Exercise material:

=====

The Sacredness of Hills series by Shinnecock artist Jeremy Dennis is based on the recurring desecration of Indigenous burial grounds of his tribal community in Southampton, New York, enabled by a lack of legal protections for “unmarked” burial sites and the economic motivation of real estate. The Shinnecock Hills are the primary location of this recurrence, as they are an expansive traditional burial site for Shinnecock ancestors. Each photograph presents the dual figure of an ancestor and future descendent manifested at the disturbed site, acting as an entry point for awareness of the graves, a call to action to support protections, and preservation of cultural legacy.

=====

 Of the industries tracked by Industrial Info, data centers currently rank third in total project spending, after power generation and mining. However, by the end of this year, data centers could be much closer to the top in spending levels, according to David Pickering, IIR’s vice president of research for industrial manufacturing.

=====

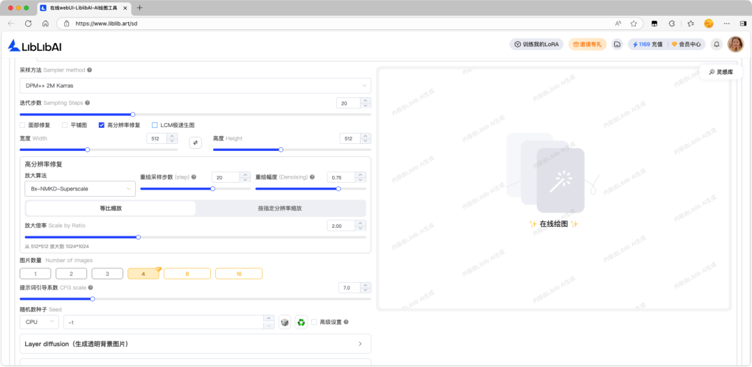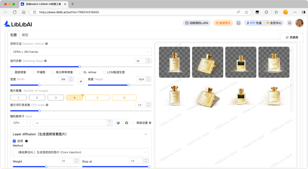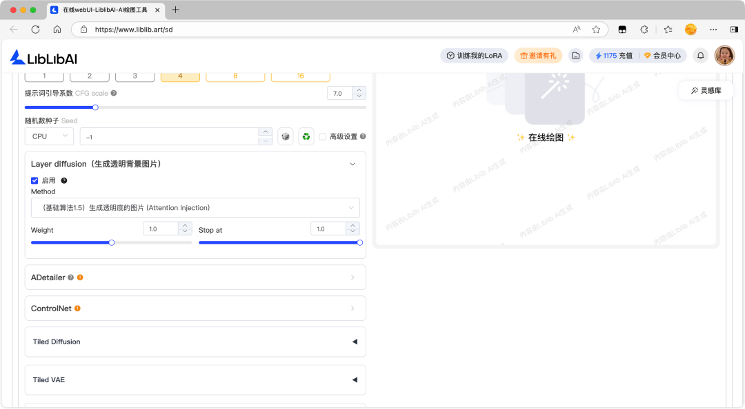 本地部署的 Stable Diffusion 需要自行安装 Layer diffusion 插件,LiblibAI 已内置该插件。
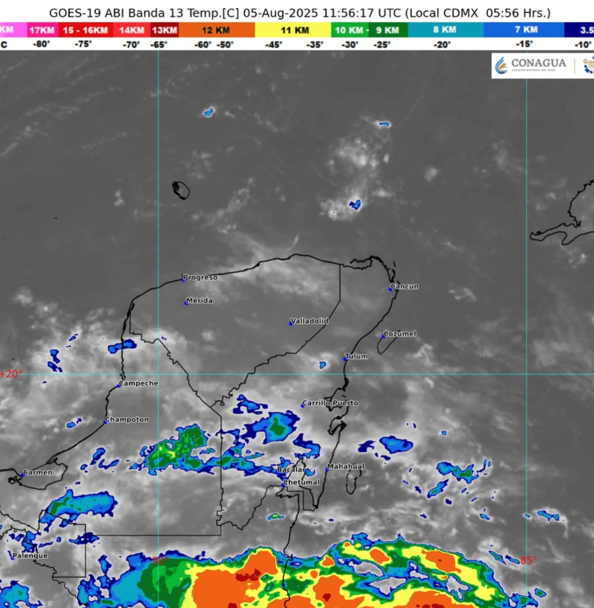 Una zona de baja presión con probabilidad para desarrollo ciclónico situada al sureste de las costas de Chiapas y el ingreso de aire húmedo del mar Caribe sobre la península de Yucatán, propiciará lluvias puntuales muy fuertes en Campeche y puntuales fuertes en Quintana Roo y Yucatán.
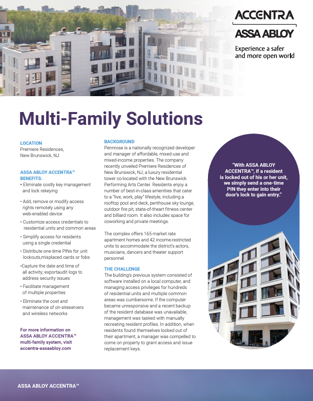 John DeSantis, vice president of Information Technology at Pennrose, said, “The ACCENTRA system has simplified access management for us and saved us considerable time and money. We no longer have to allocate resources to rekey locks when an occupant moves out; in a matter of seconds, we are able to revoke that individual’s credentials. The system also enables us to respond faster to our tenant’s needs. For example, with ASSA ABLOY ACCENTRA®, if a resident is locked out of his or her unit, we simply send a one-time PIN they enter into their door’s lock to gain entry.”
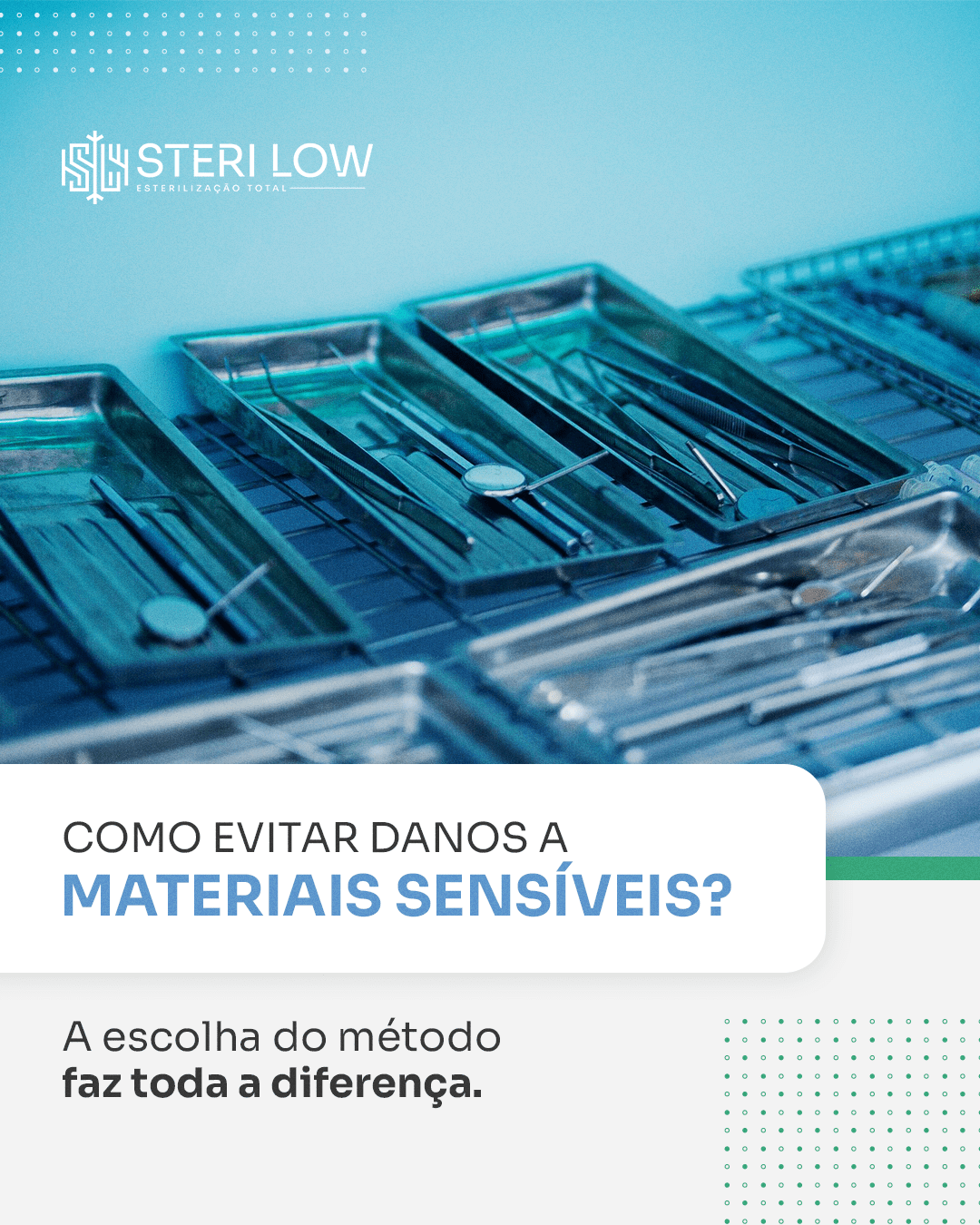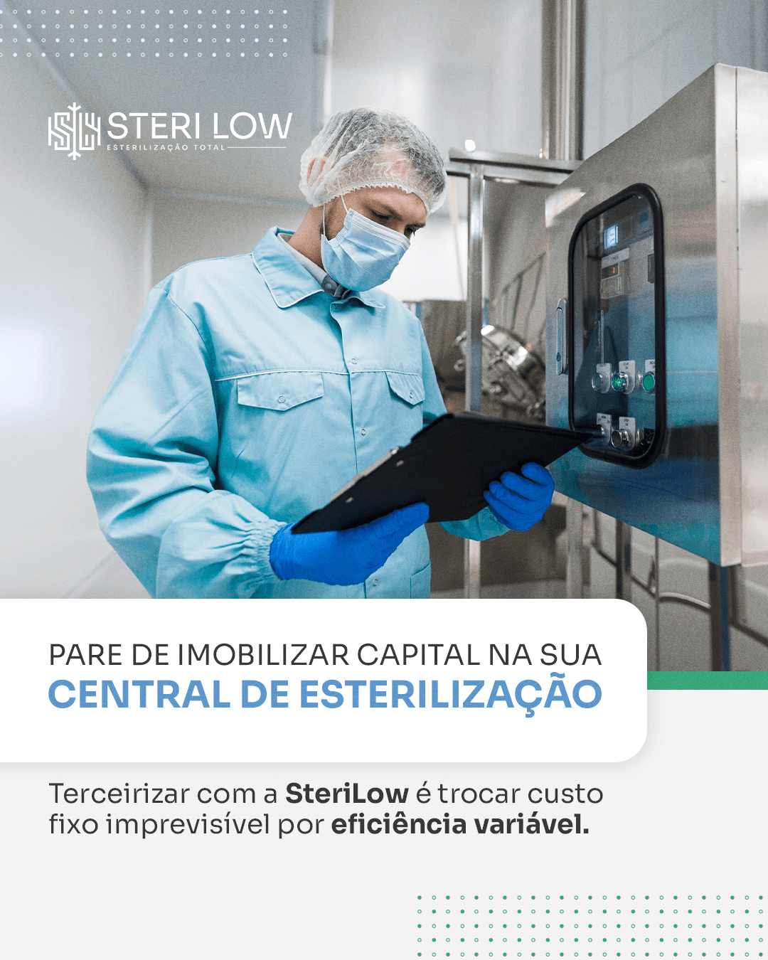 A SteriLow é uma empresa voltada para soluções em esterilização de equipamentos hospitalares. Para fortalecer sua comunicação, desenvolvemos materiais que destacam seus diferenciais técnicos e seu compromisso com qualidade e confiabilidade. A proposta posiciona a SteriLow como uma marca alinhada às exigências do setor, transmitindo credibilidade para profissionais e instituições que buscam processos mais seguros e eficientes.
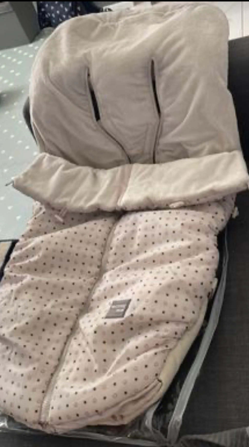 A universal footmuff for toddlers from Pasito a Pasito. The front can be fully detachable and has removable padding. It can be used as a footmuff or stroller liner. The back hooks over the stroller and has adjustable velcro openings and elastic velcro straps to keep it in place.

=====

Task to carry out:
Look through the entries above, and wherever a line holds the word "this", copy it.

Written reply:
The Sacredness of Hills series by Shinnecock artist Jeremy Dennis is based on the recurring desecration of Indigenous burial grounds of his tribal community in Southampton, New York, enabled by a lack of legal protections for “unmarked” burial sites and the economic motivation of real estate. The Shinnecock Hills are the primary location of this recurrence, as they are an expansive traditional burial site for Shinnecock ancestors. Each photograph presents the dual figure of an ancestor and future descendent manifested at the disturbed site, acting as an entry point for awareness of the graves, a call to action to support protections, and preservation of cultural legacy.
 Of the industries tracked by Industrial Info, data centers currently rank third in total project spending, after power generation and mining. However, by the end of this year, data centers could be much closer to the top in spending levels, according to David Pickering, IIR’s vice president of research for industrial manufacturing.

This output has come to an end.